Input this sequence into ESMFold and compare the predicted structure to your original.
New Sequence: SLEEILKELEEKREKEEEERYREEALSLPIPEEVAKKLDKETVKRLKEALEKYKRVKEALPXXXXXXXXLLEELLKLEKENSFKVWIDEEGKIIYVDPNIYKYAGMKVIDVLGKSIFDIIDPNDRELLKEKLSVXXXXXXXXXXEPRKVDFFLRIKSILDDDGKLIDEKNAHYKVFRAKGEILKVPXXXXXXXXXXXXXPEYVLELNLTPITDPEKEXXXXXXXTFKAKLTKDFVFEWVDPKIKEINGWNPEDLIGKPIYEFIHPEDREAFEKVLEELKKYGKVVSPEIKLYCKNGGYIIVRFTMTMKYNPETNKPEEVLAEIEVLSPCIEPEKIYNEIQ



Part D. Group Brainstorm on Bacteriophage Engineering
-Choose one or two main goals from the list that you think you can address computationally.
- Increase the stability of L protein
- Increase the lytic activity
-Write a 1-page proposal (bullet points or short paragraphs) describing:
The L protein from bacteriophage MS2, is responsible for the lysis of infected cells in E,coli. Studies suggest that this protein interacts with host proteins for this desirable effect but small mutations can strongly affect its function. L protein being small and sensitive to mutations, through computational tools we can study these possible changes and their effects on usual interactions.

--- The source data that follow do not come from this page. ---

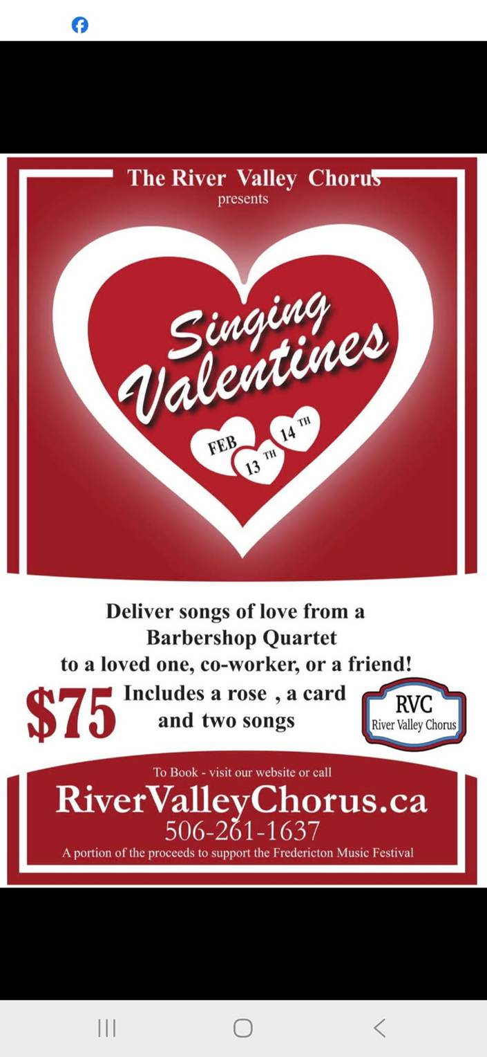 The River Valley Chorus is delivering Singing Valentines! Deliver songs of love from a Barbershop Quartet to a loved one, co-worker, or friend. Includes a rose, a card and two songs. $75. To book, visit RiverValleyChorus.ca or call 506-261-1637
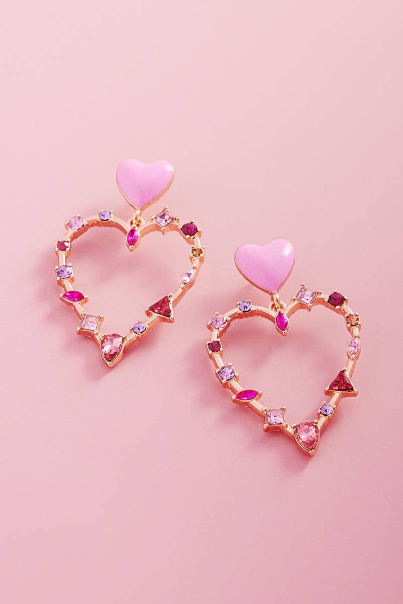 Introducing our 2 inch heart shaped enamel earrings with hypoallergenic titanium posts. These earrings are not only stylish with color stones, but also safe for those with sensitive ears. A must-have for fashion-conscious individuals seeking comfort and elegance.
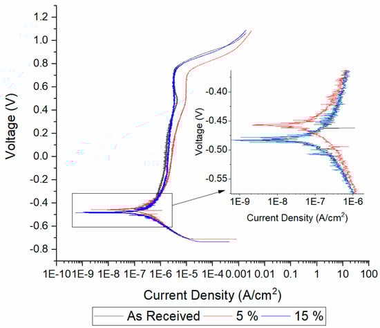 Corrosion properties were not substantially affected by the degree of prestrain as can be seen in Figure 8, where the potentiodynamic polarization plots of the as received and prestrained at 5% and 15% samples are shown. The only observed effect was the raise in corrosion potential of the 5% prestrained specimen in comparison to the others. No effect on the corrosion current were observed.
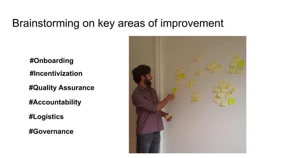 To critically analyse the functions of the platform and to discover an area for contribution we conducted a design method called “How might we”. The goal was to identify key dimensions and topics for implementing, growing and improving Digital Karma. In this sprint we decide to work on the problem statement through a dot voting round:

-Which tools/approaches from recitation you propose using.
We can use PLMs to perform mutagenesis of the protein, generating single aas substitutions across the protein, and score these mutations. Alphafold gives us a more visual form to look into these new sequences and the feasibility of them existing and being stable. At the same time, we can look into host proteins interactions to make it possible to try and have more insight into the way this protein interacts to be effective.
-Why do you think those tools might help solve your chosen sub-problem?
Protein language models like,smn2, lets us capture patterns in protein sequences, making it possible to identify mutations that are structurally feasible.
Alphafold, lets us predict structures based on sequence, letting us evaluate how mutations might destabilize the protein folds and let us predict how it interacts with other protein complexes.
-Name one or two potential pitfalls.
We have limited understanding of the exact mechanism of MS2L protein causing the lysis of bacteria. This makes the mutations a bit random as we dont know if they are gonna be beneficial for stability but decrease its lytic effect.